# Dive light.



## CajunConnection (Aug 14, 2013)

Recommendations for a good dive light. Nothing real big and reasonably priced. Thanks


----------



## Billybob+ (Jul 12, 2011)

what ya looking to do with it? Night dive? Video or just browsing around the bottom looking for stuff in dark holes?

For me, I like the small compact ones that fit virtually anywhere 

go to ebay and type in "dive light 220 lumens" (pretty bright for a good compact and you'll get lots of hits). 

one of my favorites is an "Intova 220 Lumens"

its' aircraft grade aluminum and it has a magnetic slide switch, only thing is keep it off the bottom around iron wrecks (Barges, tanks and the likes) it'll fill up with rust powder and make the switch a bugger to slide.
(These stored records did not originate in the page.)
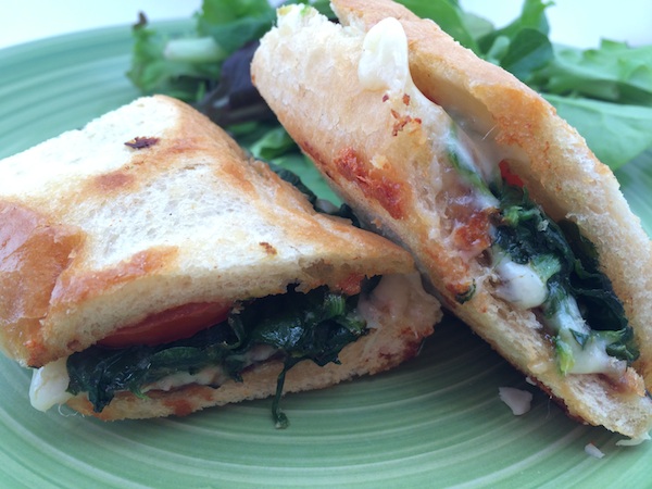 We used an old baguette for this one. That’s the great thing about grilled cheese sandwiches, they’re not dependent on the freshest bakery bread. We cut the rounded top off so that there was a flat grilling area. Then we filled it with Gouda cheese, spinach, tomatoes and grilled red peppers. Don’t waste the part you cut off, use it to make breadcrumbs or croutons.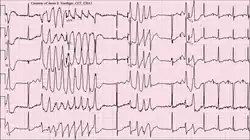 Torsades de pointes, torsade de pointes or torsades des pointes (TdP; also called torsades) (/tɔːrˌsɑːd də ˈpwæ̃t/,[2] French: [tɔʁsad də pwɛ̃t̪], translated as "twisting of peaks") is a specific type of abnormal heart rhythm that can lead to sudden cardiac death. It is a polymorphic ventricular tachycardia that exhibits distinct characteristics on the electrocardiogram (ECG). It was described by French physician François Dessertenne in 1966.[3] Prolongation of the QT interval can increase a person's risk of developing this abnormal heart rhythm, occurring in between 1% and 10% of patients who receive QT-prolonging antiarrhythmic drugs.[4]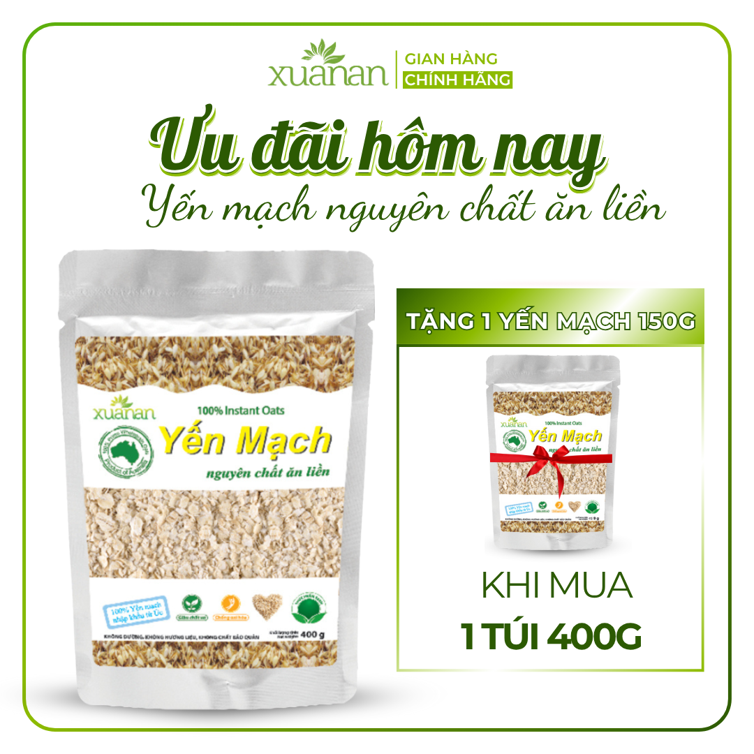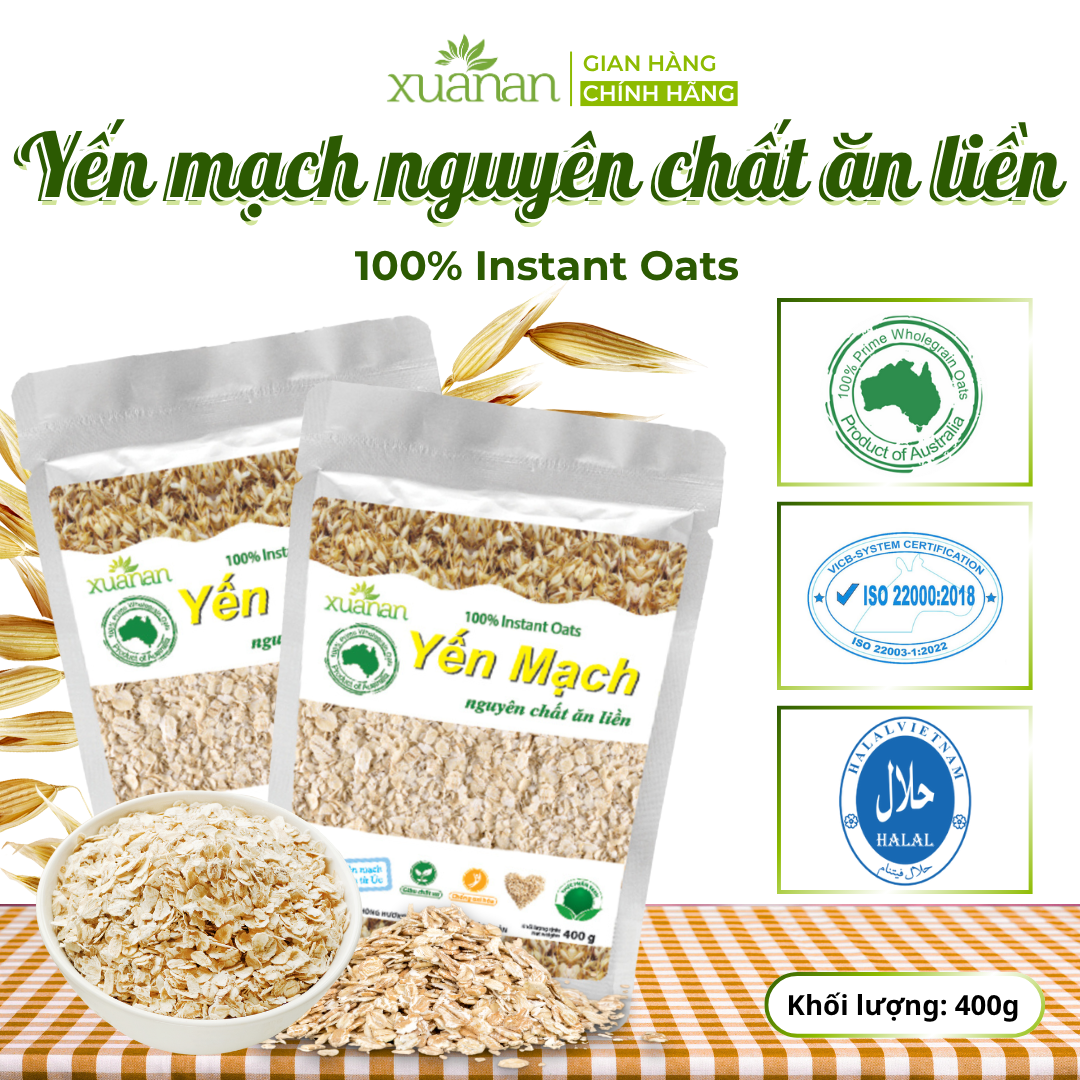 YẾN MẠCH NGUYÊN CHẤT ĂN LIỀN – TÚI 400G Yến mạch là loại ngũ cốc giàu chất xơ, giàu đạm, vitamin và dưỡng chất tự nhiên. Yến mạch nguyên chất Xuân An (Instant Oats) 100% được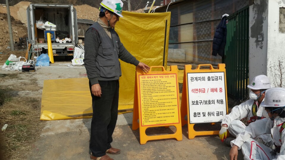 ![]() 슬레이트 해체 작업전 현장에서 안전교육을 실시하고 있습니다. |

you can cut a sleeve out of a rubber tube like a small bicycle innertube and slip it over the switch to prevent that but it does add challenges to turning it on or off on the fly underwater


----------



## CajunConnection (Aug 14, 2013)

No night dive for me. Just want to be able to look around holes, pipes etc. fairly new to diving, dove the phillips and bridge rubble a few weeks ago, visibility was not great. Buddy had a light and it helped so I'm looking to get one.


----------



## Billybob+ (Jul 12, 2011)

If yoiu can handle 50-60 bucks you'd probably be happy with the intova. I saw some cheaper 220 Lumen liights on EBAY that I'm thinking about trying myself. fo what you want, I'd stay away from the wide angle lenses


----------